The hardware has a ‘theoretical maximum’ of 13.4 PFLOPs (Peta floating-point operations per second), and GPT-J achieved 5.4 PFLOPs as measured in the GPT-3 paper (excluding attention computation and ignoring compute-memory tradeoffs like gradient checkpointing). “When taking these additional factors into account, approximately 60% of the theoretical maximum is utilised,” mentioned Komatsuzaki, saying GPT-J took roughly five weeks with TPU v3-256 pod.
GPT-J vs GPT-3
Max Woolf, a data scientist at BuzzFeed, recently tested GPT-J’s coding abilities. He said he ran GPT-J against the test prompts he had used to test GPT-3 a year ago. “The exception is code generation, where GPT-J performed very well, and GPT-3 had performed very poorly,” he wrote, in his blog post, showcasing multiple examples and use cases.
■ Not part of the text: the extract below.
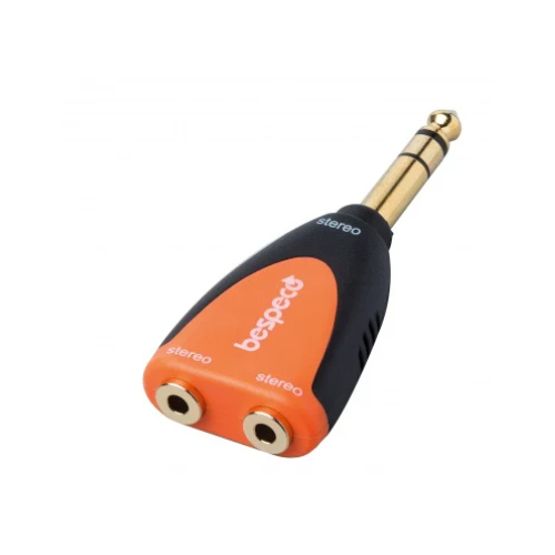 Bespeco SLAD230 - 6.3 mm stereo jack plug to 2 x AUX 3.5 mm stereo jack (female) socket adapter

Romero said the results are impressive. He said it is just another GPT model. But on closer look, clear differences emerge. For instance, GPT-J is 30 times smaller than GPT-3 with 175 billion parameters. “Despite the large difference, ‘GPT-J’ produces better code, just because it was slightly more optimised to do the task,” he added.
Further, he said further optimisation could give rise to platforms way better than GPT-3 (and not limited to coding). GPT-3 would become a jack of all trades, whereas the specialised systems would be the true masters, added Romero.
Recently, the Chinese government-backed BAAI introduced Wu Dao 2.0, the largest language model to date, with 1.75 trillion parameters. It has surpassed Google’s Switch Transformer and OpenAI’s GPT-3 in size.